## What you should do
The task calls for the lines from the start of the entries below through the line with "Vishakha Collections presents", given again verbatim, with every picture dropped.

## Materials provided

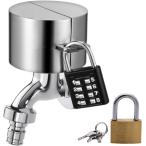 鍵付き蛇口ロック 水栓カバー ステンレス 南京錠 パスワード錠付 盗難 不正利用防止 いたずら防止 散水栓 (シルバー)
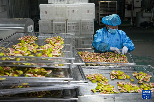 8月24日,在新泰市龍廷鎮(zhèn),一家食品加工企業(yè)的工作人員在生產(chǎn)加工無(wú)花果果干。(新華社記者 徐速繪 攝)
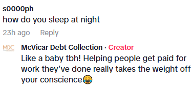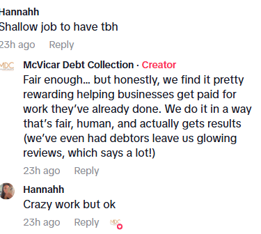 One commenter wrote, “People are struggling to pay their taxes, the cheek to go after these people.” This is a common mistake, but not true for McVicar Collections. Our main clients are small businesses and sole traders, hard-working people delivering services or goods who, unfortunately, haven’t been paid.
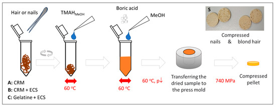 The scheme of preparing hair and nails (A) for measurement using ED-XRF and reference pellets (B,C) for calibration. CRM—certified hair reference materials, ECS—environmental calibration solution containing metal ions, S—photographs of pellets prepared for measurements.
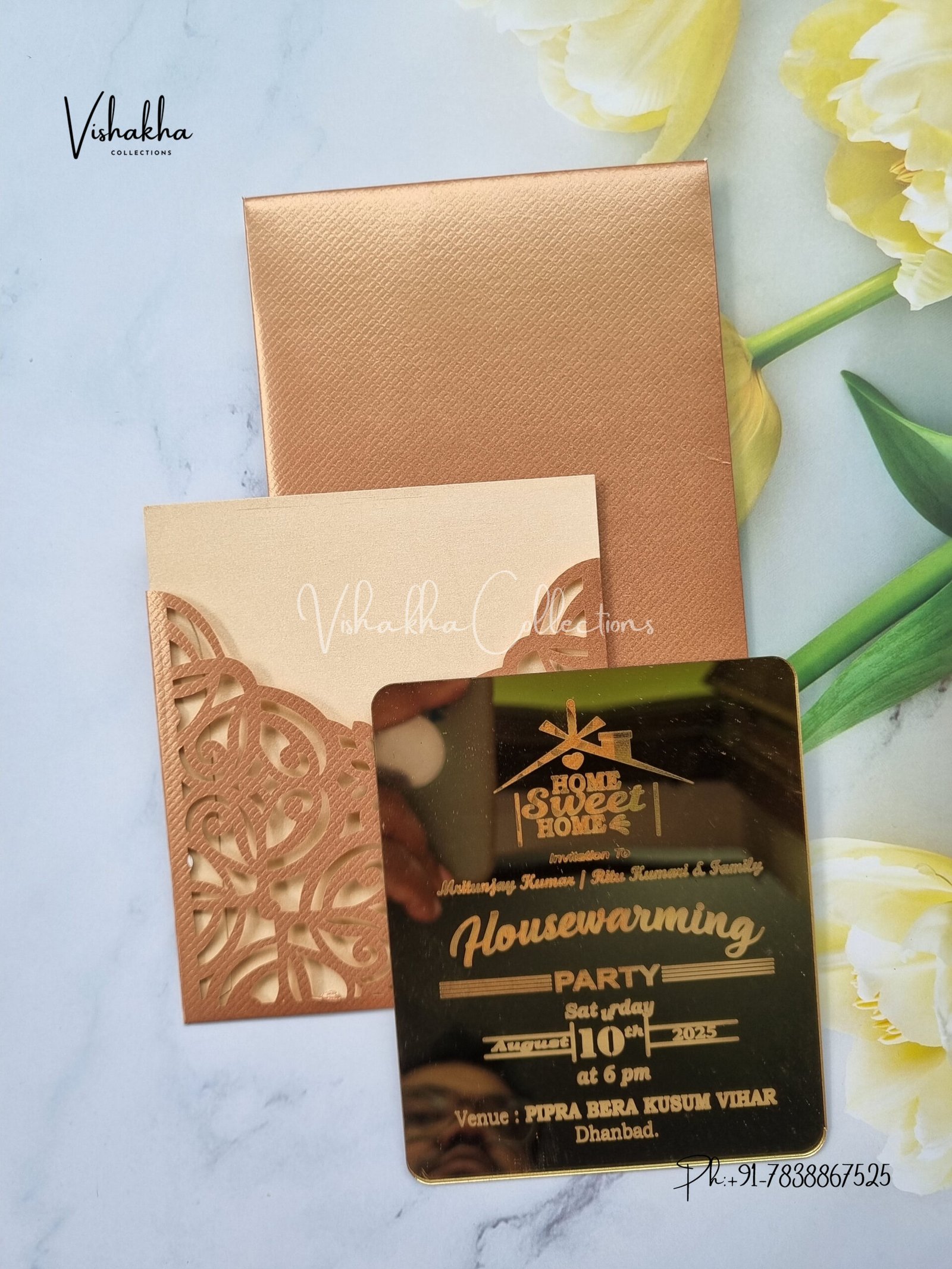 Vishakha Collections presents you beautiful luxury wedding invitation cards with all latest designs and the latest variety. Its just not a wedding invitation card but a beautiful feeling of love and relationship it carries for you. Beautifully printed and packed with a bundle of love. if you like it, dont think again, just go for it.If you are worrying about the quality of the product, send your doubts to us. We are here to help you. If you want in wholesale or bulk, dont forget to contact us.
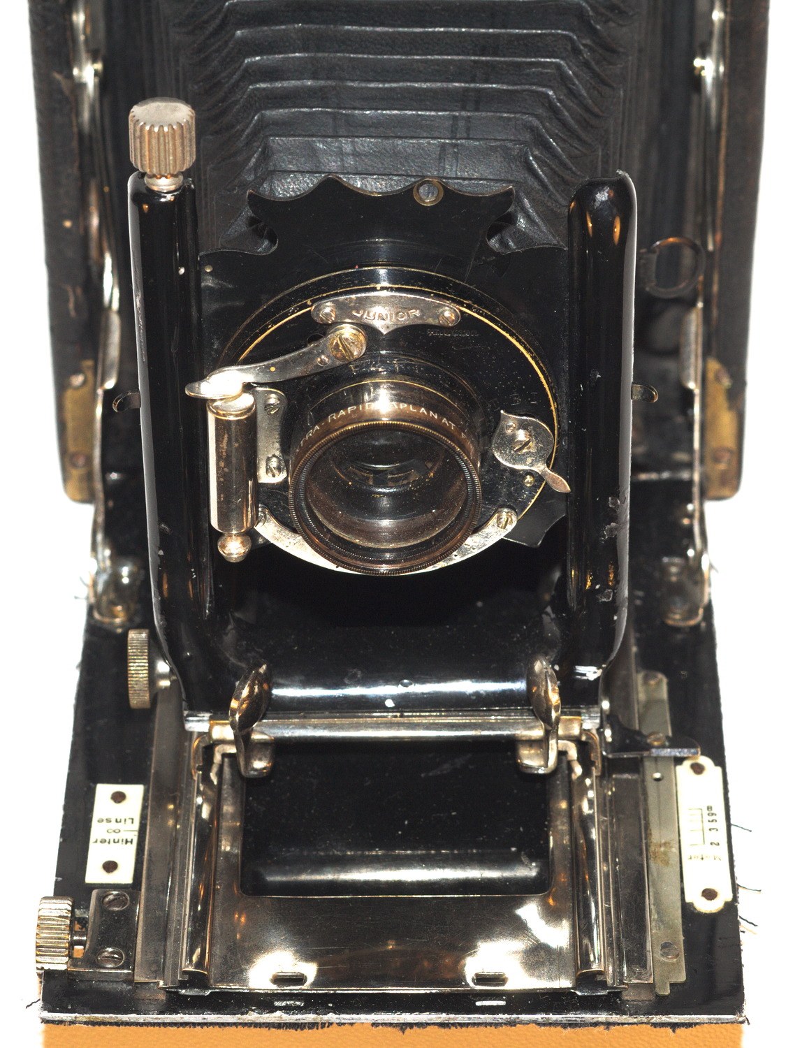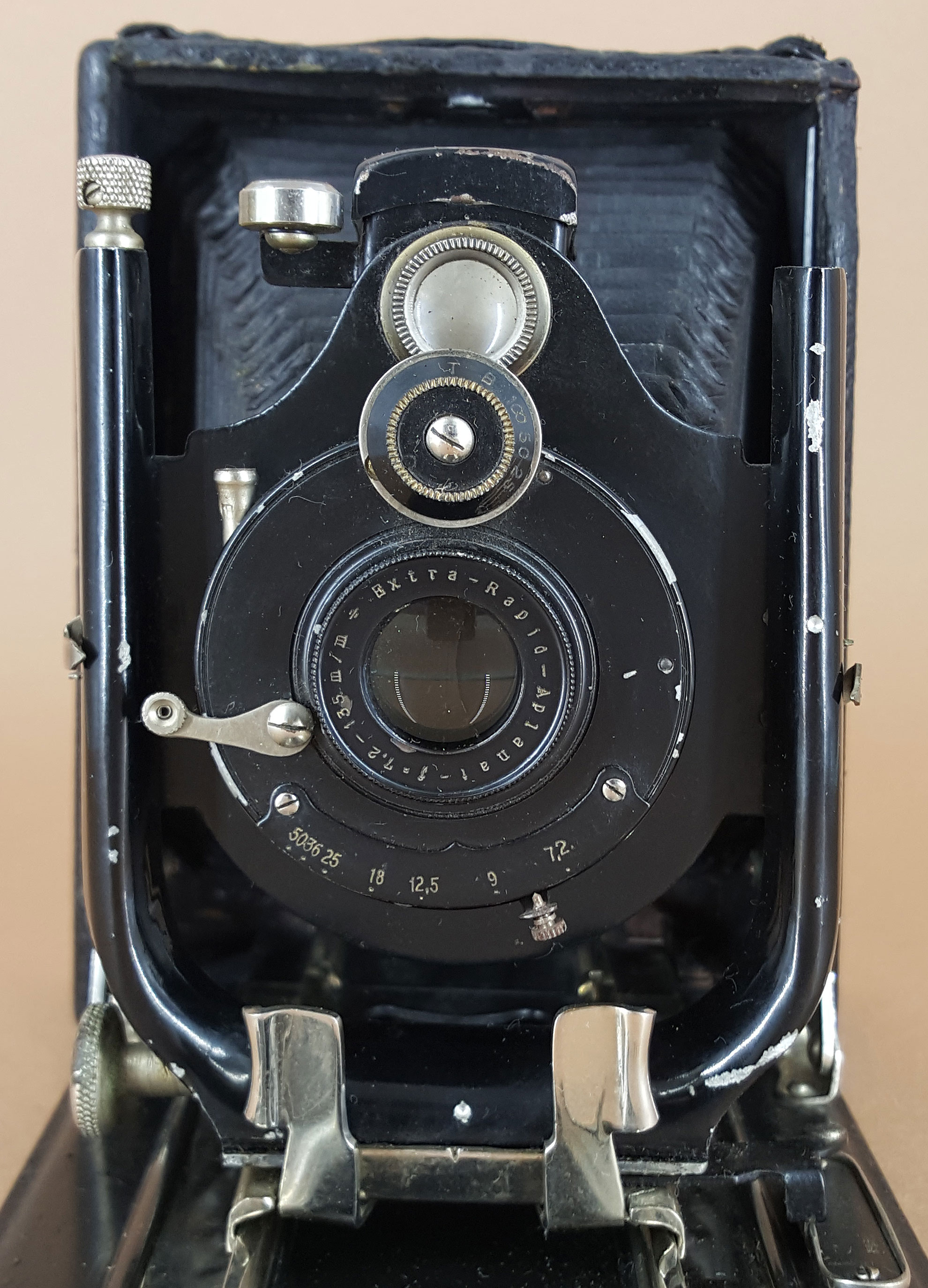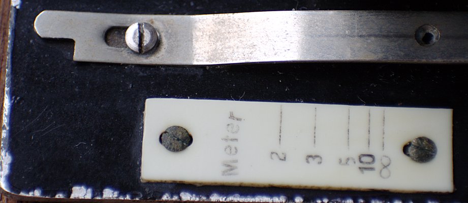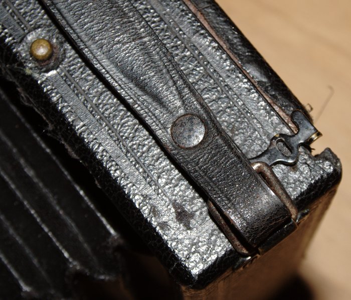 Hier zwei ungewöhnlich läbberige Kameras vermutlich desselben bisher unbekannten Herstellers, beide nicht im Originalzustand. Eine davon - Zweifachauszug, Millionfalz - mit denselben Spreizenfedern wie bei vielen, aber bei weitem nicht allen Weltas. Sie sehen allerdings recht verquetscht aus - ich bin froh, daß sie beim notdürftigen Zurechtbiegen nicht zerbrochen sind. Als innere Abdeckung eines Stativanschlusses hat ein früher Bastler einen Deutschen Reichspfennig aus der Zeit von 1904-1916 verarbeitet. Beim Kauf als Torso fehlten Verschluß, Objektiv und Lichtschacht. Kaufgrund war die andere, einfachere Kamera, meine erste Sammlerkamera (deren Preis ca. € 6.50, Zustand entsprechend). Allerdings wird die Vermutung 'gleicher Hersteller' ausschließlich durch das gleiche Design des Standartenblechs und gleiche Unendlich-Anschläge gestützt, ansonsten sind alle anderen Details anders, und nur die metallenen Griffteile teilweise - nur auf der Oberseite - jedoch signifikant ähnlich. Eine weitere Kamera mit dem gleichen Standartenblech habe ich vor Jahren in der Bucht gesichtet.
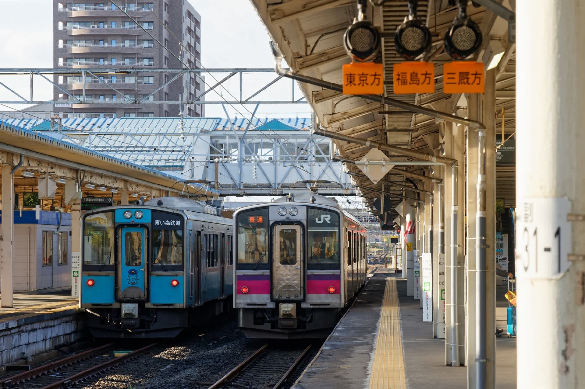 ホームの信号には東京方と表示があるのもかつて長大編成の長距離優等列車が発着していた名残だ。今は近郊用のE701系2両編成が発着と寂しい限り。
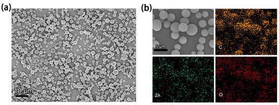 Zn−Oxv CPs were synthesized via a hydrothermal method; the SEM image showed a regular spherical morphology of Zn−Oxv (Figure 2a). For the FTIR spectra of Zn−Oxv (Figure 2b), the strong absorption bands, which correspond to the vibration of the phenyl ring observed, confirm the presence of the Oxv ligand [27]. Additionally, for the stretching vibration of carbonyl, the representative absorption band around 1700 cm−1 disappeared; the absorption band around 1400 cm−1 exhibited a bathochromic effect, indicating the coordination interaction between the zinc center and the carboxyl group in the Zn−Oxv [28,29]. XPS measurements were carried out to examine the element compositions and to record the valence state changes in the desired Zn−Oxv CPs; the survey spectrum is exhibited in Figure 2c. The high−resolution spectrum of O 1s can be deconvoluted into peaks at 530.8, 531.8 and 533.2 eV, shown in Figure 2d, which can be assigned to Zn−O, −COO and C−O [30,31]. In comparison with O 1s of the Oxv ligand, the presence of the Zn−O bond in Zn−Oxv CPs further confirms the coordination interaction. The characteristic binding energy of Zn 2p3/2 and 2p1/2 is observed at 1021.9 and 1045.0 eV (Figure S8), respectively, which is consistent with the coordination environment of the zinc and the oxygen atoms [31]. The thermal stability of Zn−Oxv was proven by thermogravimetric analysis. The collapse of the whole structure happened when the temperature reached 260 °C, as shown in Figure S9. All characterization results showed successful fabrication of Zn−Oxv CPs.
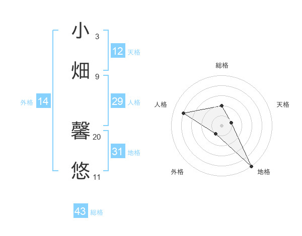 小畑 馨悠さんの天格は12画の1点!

## Solution to the exercise
 鍵付き蛇口ロック 水栓カバー ステンレス 南京錠 パスワード錠付 盗難 不正利用防止 いたずら防止 散水栓 (シルバー)
 8月24日,在新泰市龍廷鎮(zhèn),一家食品加工企業(yè)的工作人員在生產(chǎn)加工無(wú)花果果干。(新華社記者 徐速繪 攝)
 One commenter wrote, “People are struggling to pay their taxes, the cheek to go after these people.” This is a common mistake, but not true for McVicar Collections. Our main clients are small businesses and sole traders, hard-working people delivering services or goods who, unfortunately, haven’t been paid.
 The scheme of preparing hair and nails (A) for measurement using ED-XRF and reference pellets (B,C) for calibration. CRM—certified hair reference materials, ECS—environmental calibration solution containing metal ions, S—photographs of pellets prepared for measurements.
 Vishakha Collections presents you beautiful luxury wedding invitation cards with all latest designs and the latest variety. Its just not a wedding invitation card but a beautiful feeling of love and relationship it carries for you. Beautifully printed and packed with a bundle of love. if you like it, dont think again, just go for it.If you are worrying about the quality of the product, send your doubts to us. We are here to help you. If you want in wholesale or bulk, dont forget to contact us.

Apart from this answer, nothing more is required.